Has anyone looked into dorsaVI (DVL). Looks like a potential competitor to CAT.
They have 'movement monitoring IP'. Not sure if their products are complementary to CAT or in direct competition, so a little more research needed. 
It's interesting to see that they are not only targeting elite sporting area, but also workplace health and safety.

A quick look at the accounts shows they are certainly not ahead of CAT in terms of commercial success, posting an EBIT loss of $4.6m on revenue of $1.3m.


----------



## omac (9 February 2016)

VSntchr said:


> Has anyone looked into dorsaVI (DVL). Looks like a potential competitor to CAT.
> They have 'movement monitoring IP'. Not sure if their products are complementary to CAT or in direct competition, so a little more research needed.
> It's interesting to see that they are not only targeting elite sporting area, but also workplace health and safety.
> 
> A quick look at the accounts shows they are certainly not ahead of CAT in terms of commercial success, posting an EBIT loss of $4.6m on revenue of $1.3m.




i remember looking at them a while ago and it looked like the focus was more physio/rehab/prehab rather than on field sports. it looks like they've increased their scope now though.

https://www.linkedin.com/pulse/50-tech-superbowl-clyde-hutchinson

This graphic is interesting and still puts dorsavi on the wellness side of things. not sure on the differences in the actual units and how easy it would be for them to spread to analytics. It looks to me like statsports is the main competitor. they have a similar number of employees, their twitter has just as similar number of followers, looks to be big in euro football (twit pics of messi et al) and a number of professional american teams, also have the deal with SAP.


----------



## leyy (22 February 2016)

Has anyone being following CAT?

it's being moving north very well despite volatile conditions the last two weeks.

CAT reports on Thursday 25th, so hoping for some positive news and good results.


cheers


----------



## VSntchr (28 April 2016)

VSntchr said:


> Has anyone looked into dorsaVI (DVL). Looks like a potential competitor to CAT.



Pretty convinced that DVL is more complementary to CAT than a competitor. CAT is definitely an "in-game" product whereas DVL looks like it is more used for rehab and "back-to-play" decisions.

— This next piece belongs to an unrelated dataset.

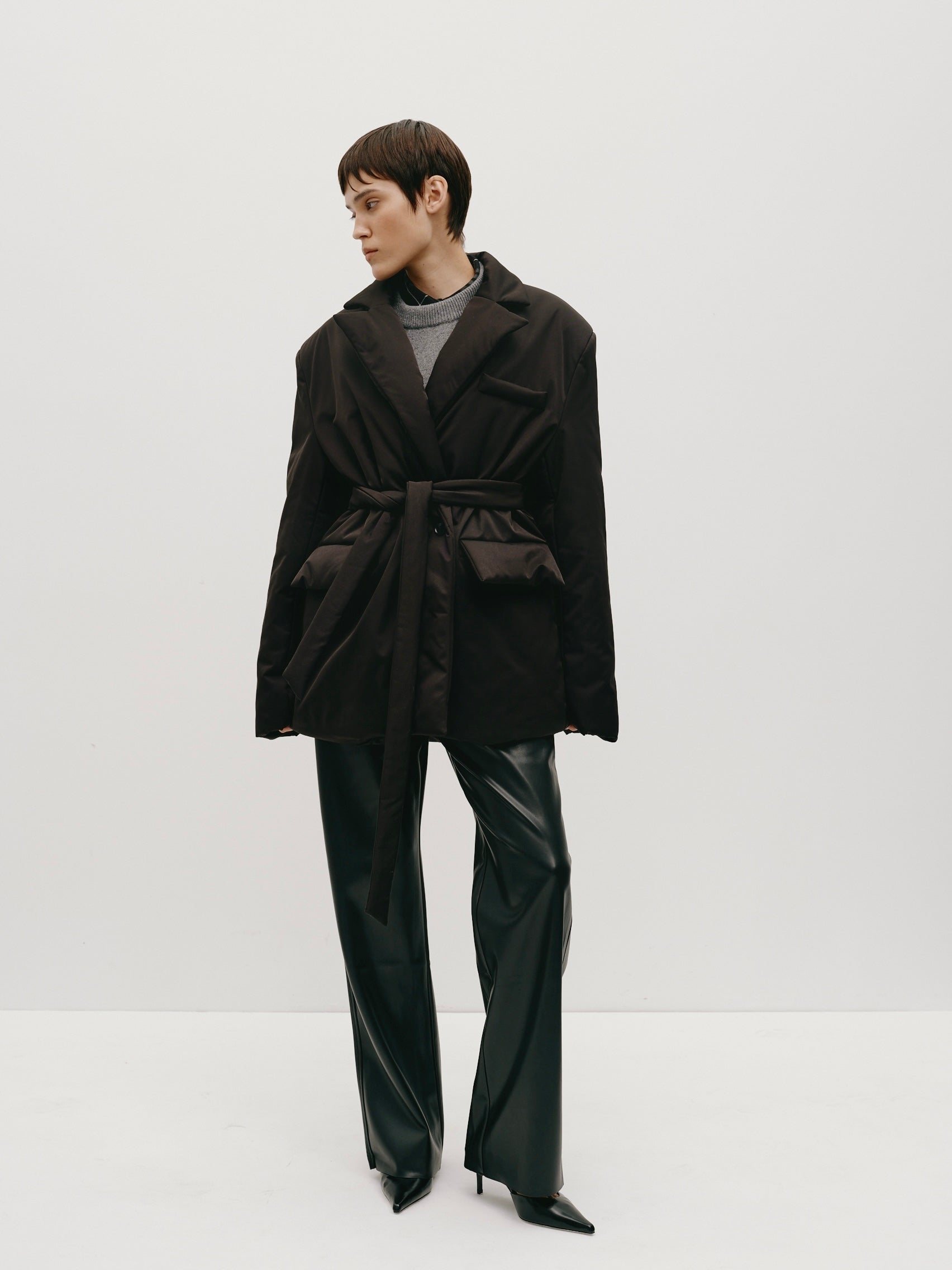 Якщо купити утеплену куртку-жакет у комплекті з широкими палаццо або спідницею, можна створити стильний міський образ. А у поєднанні з джинсами та масивними черевиками вона стане базовою річчю для щоденних виходів.

The market took a liking to the 4C released today. At the half year report it seemed that the target of 8k unit sales for the full year was quite ambitious. Now with the just one quarter remaining it looks more obtainable. The company states that historically the 4Q result comprises 36% of annual sales. With 69% of the target already accounted for, this bodes well. 
Looks like CAT has customers that like to get their orders in before EOFY and ensure that they spend their allocated budgets, similar to the IT services sector.

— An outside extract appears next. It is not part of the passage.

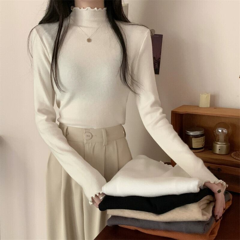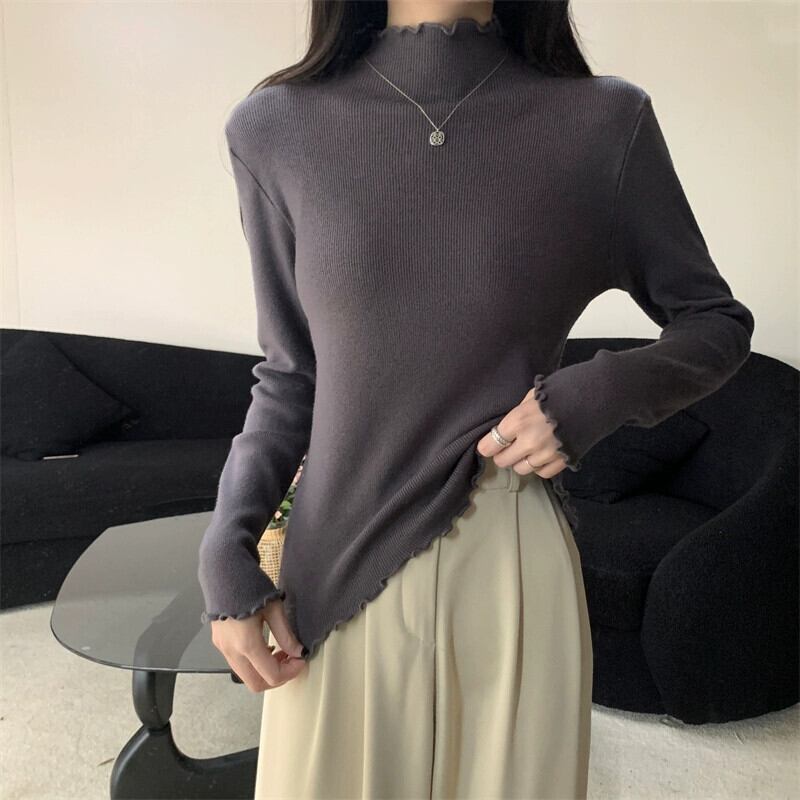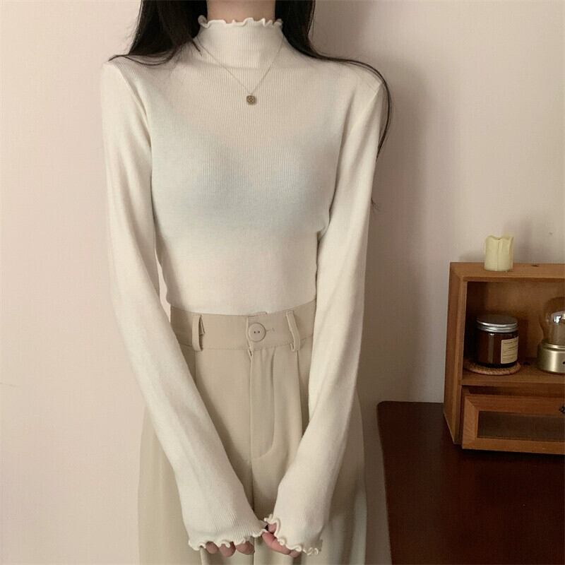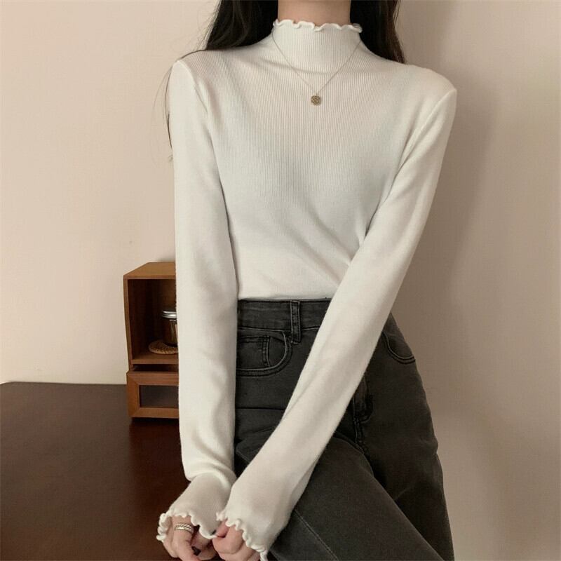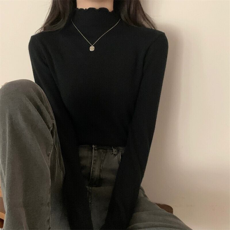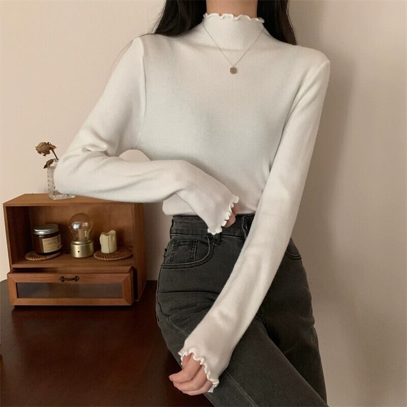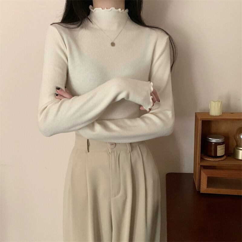 秋と冬のハーフタートルネックニットボトムシャツ女性、ファッショナブルでファッショナブル、スリムでスリム、真菌裾ミッドカラーセーター付き オータム 秋物 ウィンター 冬物 7460034710117515 | framboise21

Chart looks good for a BO play...


----------



## McLovin (29 April 2016)

Q2 and Q3 have now both exceeded last year's Q4, a first. Q3 has also exceeded Q2, again a first. I was looking for explosive growth and it appears to be starting. The target of 8,000, set in March, has a pretty good chance of being beaten on the current momentum, imo.


----------



## JJZ (16 May 2016)

Spotted this in today's Age website, thought it might of interest to some... 

JJZ


http://www.theage.com.au/technology...TE006&promote_channel=edmail&mbnr=MTEwNjkzOTg


----------



## leyy (8 June 2016)

Strong day with a gain of 7% with no news.

anyone still following CAT?

maybe a positive announcement is along the grapevine.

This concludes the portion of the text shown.